« Aucun degré d’empathie ne peut remplacer l’expérience. Compatir n’est pas pâtir » (Christine Delphy).
Toute agression est de fait une expérience personnelle, un cas isolé. Combien de témoignages de viols faudrait-il encore pour accepter une réalité sociale qu’on ne cesse d’occulter ? Le témoignage d’une victime – unique et court, formaté pour le journal – ne nous a pas semblé un « bon outil » pour reconnaître le viol comme un acte fréquent et non sanctionné. On aurait dû choisir entre le récit d’une fin de soirée qui brise une vie, du plus traître des proches ou d’une vie partagée qui tourne au cauchemar ? Sur quels critères ? N’aurait-on pas eu l’impression « d’illustrer » nos propos par le choix d’un témoignage, et de réduire celui-ci à un exemple pratique ?

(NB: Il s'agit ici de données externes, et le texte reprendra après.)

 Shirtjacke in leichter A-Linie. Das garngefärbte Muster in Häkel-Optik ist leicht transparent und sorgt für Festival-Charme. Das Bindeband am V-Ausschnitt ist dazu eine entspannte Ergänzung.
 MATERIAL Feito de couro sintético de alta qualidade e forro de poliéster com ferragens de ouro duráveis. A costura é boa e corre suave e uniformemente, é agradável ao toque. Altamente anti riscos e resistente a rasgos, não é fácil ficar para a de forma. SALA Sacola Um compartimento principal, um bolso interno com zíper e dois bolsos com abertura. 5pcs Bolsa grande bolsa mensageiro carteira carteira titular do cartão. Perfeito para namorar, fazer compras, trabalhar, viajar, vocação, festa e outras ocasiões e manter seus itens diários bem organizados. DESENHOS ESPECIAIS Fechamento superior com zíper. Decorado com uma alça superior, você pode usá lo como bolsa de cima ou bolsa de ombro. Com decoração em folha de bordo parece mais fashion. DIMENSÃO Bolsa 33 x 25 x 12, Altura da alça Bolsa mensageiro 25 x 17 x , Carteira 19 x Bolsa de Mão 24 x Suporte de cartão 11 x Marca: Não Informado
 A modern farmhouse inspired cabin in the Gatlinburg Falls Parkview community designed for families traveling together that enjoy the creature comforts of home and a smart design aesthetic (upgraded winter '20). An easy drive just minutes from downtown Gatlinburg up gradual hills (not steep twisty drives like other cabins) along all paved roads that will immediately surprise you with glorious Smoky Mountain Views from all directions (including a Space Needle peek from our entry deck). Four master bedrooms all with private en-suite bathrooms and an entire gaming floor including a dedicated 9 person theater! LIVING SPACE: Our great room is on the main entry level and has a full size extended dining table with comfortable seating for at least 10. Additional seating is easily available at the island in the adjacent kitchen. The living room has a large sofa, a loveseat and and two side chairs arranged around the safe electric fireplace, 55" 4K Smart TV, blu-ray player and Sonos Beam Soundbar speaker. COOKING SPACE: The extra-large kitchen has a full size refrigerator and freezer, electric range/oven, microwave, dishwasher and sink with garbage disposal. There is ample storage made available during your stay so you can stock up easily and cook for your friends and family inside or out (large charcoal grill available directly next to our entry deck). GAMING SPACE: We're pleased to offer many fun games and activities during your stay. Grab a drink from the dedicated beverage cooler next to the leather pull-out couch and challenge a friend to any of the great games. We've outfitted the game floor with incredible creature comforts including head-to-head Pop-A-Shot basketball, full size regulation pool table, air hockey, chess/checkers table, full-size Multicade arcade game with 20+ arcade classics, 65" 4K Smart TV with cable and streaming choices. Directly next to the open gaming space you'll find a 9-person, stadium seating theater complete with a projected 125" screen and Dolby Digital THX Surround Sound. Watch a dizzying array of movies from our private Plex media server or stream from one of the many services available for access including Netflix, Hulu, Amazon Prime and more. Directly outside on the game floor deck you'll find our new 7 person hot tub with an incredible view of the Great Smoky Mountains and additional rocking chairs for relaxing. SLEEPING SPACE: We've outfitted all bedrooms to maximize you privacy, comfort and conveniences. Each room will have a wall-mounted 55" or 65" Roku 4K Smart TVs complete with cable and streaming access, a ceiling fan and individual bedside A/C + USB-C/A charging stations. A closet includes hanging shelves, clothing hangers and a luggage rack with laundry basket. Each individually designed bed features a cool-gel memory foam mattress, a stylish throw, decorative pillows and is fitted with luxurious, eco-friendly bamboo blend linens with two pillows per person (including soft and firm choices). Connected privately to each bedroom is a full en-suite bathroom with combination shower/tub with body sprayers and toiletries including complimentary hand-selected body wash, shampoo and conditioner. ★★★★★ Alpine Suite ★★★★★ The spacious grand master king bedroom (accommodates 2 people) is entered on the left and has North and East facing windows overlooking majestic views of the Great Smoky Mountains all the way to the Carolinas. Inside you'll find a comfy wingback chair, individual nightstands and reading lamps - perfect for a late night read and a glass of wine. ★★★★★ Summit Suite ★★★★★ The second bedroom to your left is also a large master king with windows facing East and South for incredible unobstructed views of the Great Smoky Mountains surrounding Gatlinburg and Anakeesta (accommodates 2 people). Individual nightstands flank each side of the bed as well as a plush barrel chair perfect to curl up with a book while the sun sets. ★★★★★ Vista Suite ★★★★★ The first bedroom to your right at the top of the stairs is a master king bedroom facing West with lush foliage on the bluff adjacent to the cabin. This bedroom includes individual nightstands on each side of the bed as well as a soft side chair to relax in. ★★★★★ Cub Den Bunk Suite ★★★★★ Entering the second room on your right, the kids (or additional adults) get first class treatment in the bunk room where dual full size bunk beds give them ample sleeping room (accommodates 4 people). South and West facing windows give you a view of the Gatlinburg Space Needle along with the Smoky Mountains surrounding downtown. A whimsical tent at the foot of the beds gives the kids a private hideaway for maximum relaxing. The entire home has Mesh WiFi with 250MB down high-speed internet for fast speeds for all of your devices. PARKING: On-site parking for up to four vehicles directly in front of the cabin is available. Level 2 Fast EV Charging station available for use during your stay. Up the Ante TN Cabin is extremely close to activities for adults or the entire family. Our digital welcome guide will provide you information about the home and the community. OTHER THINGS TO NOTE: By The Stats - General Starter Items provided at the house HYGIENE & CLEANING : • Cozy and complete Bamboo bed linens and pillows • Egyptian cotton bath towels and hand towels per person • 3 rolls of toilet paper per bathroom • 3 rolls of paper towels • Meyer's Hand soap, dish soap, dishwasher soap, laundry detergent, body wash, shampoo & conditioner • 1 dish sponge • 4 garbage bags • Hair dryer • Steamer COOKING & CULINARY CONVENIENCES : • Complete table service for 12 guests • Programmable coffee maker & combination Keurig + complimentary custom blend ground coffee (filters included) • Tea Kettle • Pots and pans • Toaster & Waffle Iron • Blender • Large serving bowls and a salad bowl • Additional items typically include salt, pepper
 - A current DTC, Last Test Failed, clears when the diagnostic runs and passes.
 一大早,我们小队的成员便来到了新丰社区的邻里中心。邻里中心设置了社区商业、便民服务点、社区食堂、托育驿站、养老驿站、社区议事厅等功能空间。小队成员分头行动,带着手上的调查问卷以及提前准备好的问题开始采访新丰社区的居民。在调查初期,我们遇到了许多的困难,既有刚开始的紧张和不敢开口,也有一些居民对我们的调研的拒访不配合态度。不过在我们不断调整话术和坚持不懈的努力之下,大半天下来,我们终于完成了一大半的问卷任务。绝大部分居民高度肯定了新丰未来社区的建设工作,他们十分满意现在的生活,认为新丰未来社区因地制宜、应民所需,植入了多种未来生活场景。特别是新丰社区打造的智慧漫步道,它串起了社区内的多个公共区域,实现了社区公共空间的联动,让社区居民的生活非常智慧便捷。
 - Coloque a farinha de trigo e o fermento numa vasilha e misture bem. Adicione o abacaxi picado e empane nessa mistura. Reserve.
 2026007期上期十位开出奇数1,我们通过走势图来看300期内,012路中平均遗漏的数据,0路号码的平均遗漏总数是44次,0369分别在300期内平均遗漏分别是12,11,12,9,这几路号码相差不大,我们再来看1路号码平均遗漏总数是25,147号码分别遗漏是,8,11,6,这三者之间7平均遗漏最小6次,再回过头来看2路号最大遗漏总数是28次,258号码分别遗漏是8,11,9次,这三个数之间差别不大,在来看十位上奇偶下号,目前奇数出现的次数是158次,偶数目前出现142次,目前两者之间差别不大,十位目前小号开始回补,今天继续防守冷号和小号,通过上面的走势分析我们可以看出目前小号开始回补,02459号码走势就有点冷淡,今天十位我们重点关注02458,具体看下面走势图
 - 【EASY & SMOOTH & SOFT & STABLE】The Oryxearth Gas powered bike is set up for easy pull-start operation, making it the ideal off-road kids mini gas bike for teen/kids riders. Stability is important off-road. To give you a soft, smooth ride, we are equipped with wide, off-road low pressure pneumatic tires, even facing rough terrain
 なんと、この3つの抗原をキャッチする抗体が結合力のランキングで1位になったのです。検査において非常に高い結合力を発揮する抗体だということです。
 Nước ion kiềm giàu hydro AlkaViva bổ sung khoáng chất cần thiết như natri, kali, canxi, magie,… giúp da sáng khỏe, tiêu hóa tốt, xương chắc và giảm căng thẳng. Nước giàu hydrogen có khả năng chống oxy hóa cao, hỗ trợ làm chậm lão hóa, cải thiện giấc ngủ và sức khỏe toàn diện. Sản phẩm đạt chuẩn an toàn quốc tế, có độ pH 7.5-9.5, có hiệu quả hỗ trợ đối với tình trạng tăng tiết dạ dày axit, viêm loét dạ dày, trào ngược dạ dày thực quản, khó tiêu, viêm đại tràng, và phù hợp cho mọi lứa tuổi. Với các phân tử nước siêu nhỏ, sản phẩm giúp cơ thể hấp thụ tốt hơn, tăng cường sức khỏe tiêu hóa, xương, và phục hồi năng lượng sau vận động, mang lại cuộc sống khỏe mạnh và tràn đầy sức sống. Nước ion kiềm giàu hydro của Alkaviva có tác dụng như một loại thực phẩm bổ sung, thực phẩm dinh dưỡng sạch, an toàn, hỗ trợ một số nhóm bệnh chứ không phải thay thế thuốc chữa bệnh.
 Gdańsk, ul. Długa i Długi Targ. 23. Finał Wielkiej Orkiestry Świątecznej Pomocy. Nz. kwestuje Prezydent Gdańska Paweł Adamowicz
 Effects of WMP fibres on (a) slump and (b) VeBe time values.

Dans un témoignage écrit, on ne cherche pas ses mots. L’anonyme a pu prendre son temps, solliciter de l’aide, réussir à placer dans l’ordre les mots pour décrire le vécu et son ressenti. Écrire comme elle n’a jamais raconté. Présenté et cadré tel quel, le viol ne peut pas être nié. Facilement ému, le lecteur offre à la Victime sa plus sincère compassion. Cependant, on ne pense pas que ces états émotionnels soient nécessaires pour établir et pour comprendre que le viol trouve son fondement et sa légitimité dans le système sexiste et patriarcal. Pire, la vive compassion inspirée par un témoignage occulterait la réalité de l’oppression, son étendue et sa violence, jamais assez dévoilées. On ne risque pas d’avancer si on ne cesse de s’indigner par à-coups, ou de condamner avant de chercher à comprendre.
Nous préférons tenter de lever un tabou, lancer des pistes de réflexions. Le pathos n’aide pas à gommer l’idée assez diffuse qu’il existerait un viol type. S’entend : nécessairement et facilement reconnaissable. Perçu immédiatement et officiellement comme tel parce qu’une victime remplit tous les « critères », immuables, qui lui sont alloués (le non-consentement de la victime prouvé, la pénétration sexuelle attestée par un examen médico-légal, le choc post-traumatique avéré par un rapport psychologique, etc.). Il existe autant de viols que de victimes et d’agresseurs. Protéiforme, le viol existe avant tout parce que le corps des femmes est considéré comme un objet toujours disponible, destiné à satisfaire les désirs masculins. Donner la vue du sang ne l’empêche pas de couler.